SRAM XX1 EAGLE 12-SPEED DRIVETRAIN TEST
SRAM XX1 EAGLE 12-SPEED DRIVETRAIN
More Freedom To Roam
Eagle has taken the cycling community by storm and shocked riders with the introduction of a massive 50-tooth rear cassette. SRAM paved the way for the single-ring drivetrain with the release of the original 1×11 XX1, which was considered massive for the time with its 10-42 cassette; however, many riders were still skeptical about the gear range of a single-ring system. SRAM responded to that skepticism with the new Eagle drivetrain.

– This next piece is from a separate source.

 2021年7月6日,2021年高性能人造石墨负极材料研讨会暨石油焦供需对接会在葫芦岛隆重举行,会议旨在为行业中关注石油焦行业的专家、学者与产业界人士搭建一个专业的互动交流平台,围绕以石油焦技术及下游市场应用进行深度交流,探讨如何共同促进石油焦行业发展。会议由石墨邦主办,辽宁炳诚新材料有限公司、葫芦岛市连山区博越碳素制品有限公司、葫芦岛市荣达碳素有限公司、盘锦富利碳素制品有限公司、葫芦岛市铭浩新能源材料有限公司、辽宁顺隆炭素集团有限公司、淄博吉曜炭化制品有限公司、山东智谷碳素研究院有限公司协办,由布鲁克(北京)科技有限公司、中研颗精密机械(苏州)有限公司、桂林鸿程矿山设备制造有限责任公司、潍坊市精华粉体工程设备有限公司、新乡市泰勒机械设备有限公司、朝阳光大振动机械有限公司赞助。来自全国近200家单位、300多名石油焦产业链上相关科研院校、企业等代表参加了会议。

The Eagle drivetrain comes in two distinct versions: the XX1, which we tested here, and the X01 version which is less expensive. The XX1 drivetrain is designed for gram-counting XC guys, while the X01 system sports the same gear range but is designed for all-mountain and enduro riders. Aside from the flashy gold coloring, the massive 50-tooth rear cog is the most eye-catching part of the group, pushing some to say that there is more cog than rear wheel. The XG-1299 cassette offers a robust 500-percent gear range that rivals most 2x systems. This cassette works in conjunction with a redesigned rear derailleur that was built with a new Type-3 roller bearing clutch and new oversized pulleys to compensate for the massive cassette.
One of the biggest changes SRAM made with the XX1 Eagle is a new shifter pod with redesigned internals. The new design has a smoother feel and engagement, along with a carbon trigger to reduce over-all weight. Given that there is a substantially bigger climbing gear, there is more chain length floating around, which led to a new front chainring design to accommodate the extra material. The X-Sync 2 uses the same circumference chainring, but deepens the channels between the teeth so that they resemble a claw for better retention (hence the name Eagle). Along with the new chainring design is a redesigned set of carbon cranks that are claimed to be lighter and stiffer than the previous XX1.

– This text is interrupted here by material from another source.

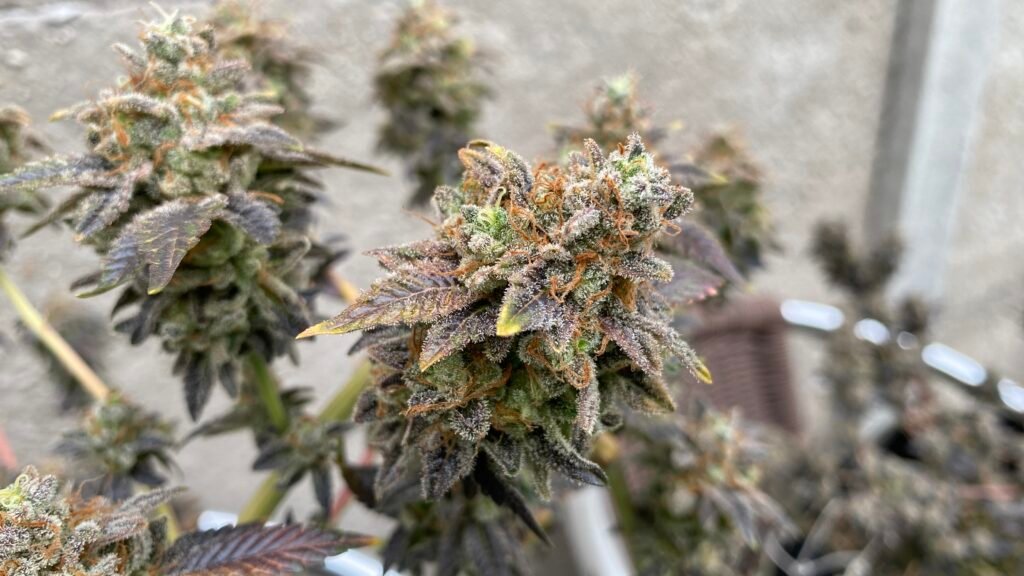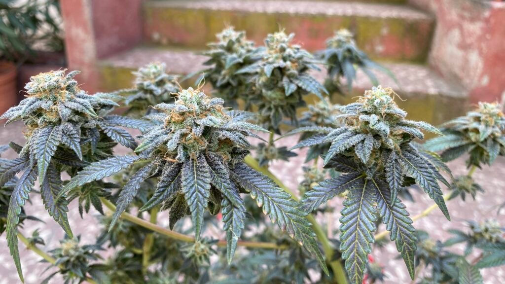 Esta cepa todo el cultivo fue de color verde oscuro pero las 3 ultimas semanas saqué la maceta al otoño del exterior para ver qué cambio tenia en sus tonalidades y vaya que las tuvo, pasó del verde oscuro al morado inteso con tonos verdosos.
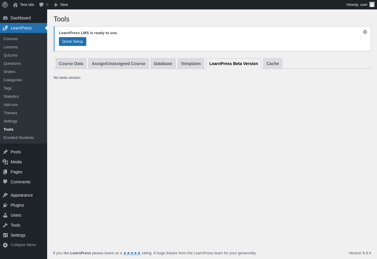 Does LearnPress work with WordPress 6.9.4 and PHP 8.1.12? A smoke test was performed on 2026-03-30 10:32:23 UTC .

It’s bold: The rear cassette offers the same gears as the previous 11-speed XX1, but with the addition of the 50-tooth cog. The rear derailleur uses a new clutch mechanism that was designed specifically for the new cassette.
On the trail:
Dialing in the shifting and the chain length was a bit different from anything else we have worked on in the past. The limit screws were as straight-forward as on any other drivetrain, but it took some finesse to dial in the B-tension screw. SRAM has guidelines to setting this, but it will take some trial and error. Some of our test riders preferred a 34-tooth front chainring on the 11-speed XX1, so for the sake of consistency, we stuck with that size for the first part of our testing.

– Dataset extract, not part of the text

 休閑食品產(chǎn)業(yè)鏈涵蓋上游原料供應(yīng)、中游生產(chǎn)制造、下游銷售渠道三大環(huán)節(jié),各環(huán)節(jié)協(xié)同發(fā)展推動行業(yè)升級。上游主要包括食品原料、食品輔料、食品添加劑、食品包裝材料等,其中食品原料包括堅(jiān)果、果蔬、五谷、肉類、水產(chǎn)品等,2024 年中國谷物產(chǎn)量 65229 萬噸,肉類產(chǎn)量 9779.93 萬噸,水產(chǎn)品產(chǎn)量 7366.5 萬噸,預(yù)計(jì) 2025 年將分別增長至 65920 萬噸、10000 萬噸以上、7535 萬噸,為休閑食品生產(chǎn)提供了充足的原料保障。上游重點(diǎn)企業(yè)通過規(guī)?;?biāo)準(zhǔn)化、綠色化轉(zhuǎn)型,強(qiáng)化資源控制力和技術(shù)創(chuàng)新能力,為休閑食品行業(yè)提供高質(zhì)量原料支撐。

If there wasn’t enough before: It took a few rides to remember that we had an extra gear left, but once we adapted to the new cassette we appreciated the extra gearing, especially during long days in the saddle. Riders who didn’t feel comfortable enough with a 42-tooth will have little to complain about with the bigger range.
You can’t miss it: The 50-tooth cog is tough to miss with its incredible size rivaling front chainrings used for road bikes. The application, though, is effective and will open the doors for certain riders who need that extra push to help them get up the hills.
The new shifting mechanism has a very distinct, crisp feel, with a much smoother shift than the 11-speed shifter. Through the whole cassette range the shifting had a very linear feel, even when shifting up into the 50. The question that all of our testers wanted to ask was, “How will that 50 feel?” Most of us here at MBA thought that the 42-tooth on the XX1 offered plenty of gearing, so we were curious to see how we would adjust to the new range. The first couple rides proved that our muscle memory was on point, as we simply forgot we had an extra gear when the climbs got long and extra steep. After reminding ourselves a few times that there was still a little more left on the back end, we found that the 50-tooth cog provided a solid “bail-out” gear when we were spent or if we were conquering a steeper-than-normal stretch of trail. Under heavy loads the derailleur smoothly made the jump from 42 to 50 and came down once the trail let up.
A crisp engagement: One of the first aspects we noticed with the new Eagle was the crisp shifting engagement. The shifter lever uses new internals that give the rider a linear feel throughout the gear range.
Over rougher sections of trail, the new chainring worked well to keep the chain in place. The new clutch system in the rear derailleur minimized chain slap, but we did have a couple loud hits on really rocky sections.
Hence the name: To pick up the extra chain length that is needed to fit the bigger cassette, SRAM redesigned the teeth on the front chainring. The overall circumference of the ring is the same as the previous 11-speed, but the channels between the teeth were deepened and the teeth were given a claw-like shape.
Only a couple of our test riders found that they could make the jump up to a 36-tooth chainring up front. You will be able to gain more speed on the top end with a bigger front ring, but that’s not necessarily something that every rider will need to do, as a 32 or 34 (on more technical terrain) is plenty. No matter how you see it, the Eagle will allow riders who haven’t made the jump to 1x to ride the same trails that they ride on their 2x set- ups. If you’re a little afraid to make the switch, it will only take one ride in that glory gear to see that a 1x can give you the range that you’ve been looking for.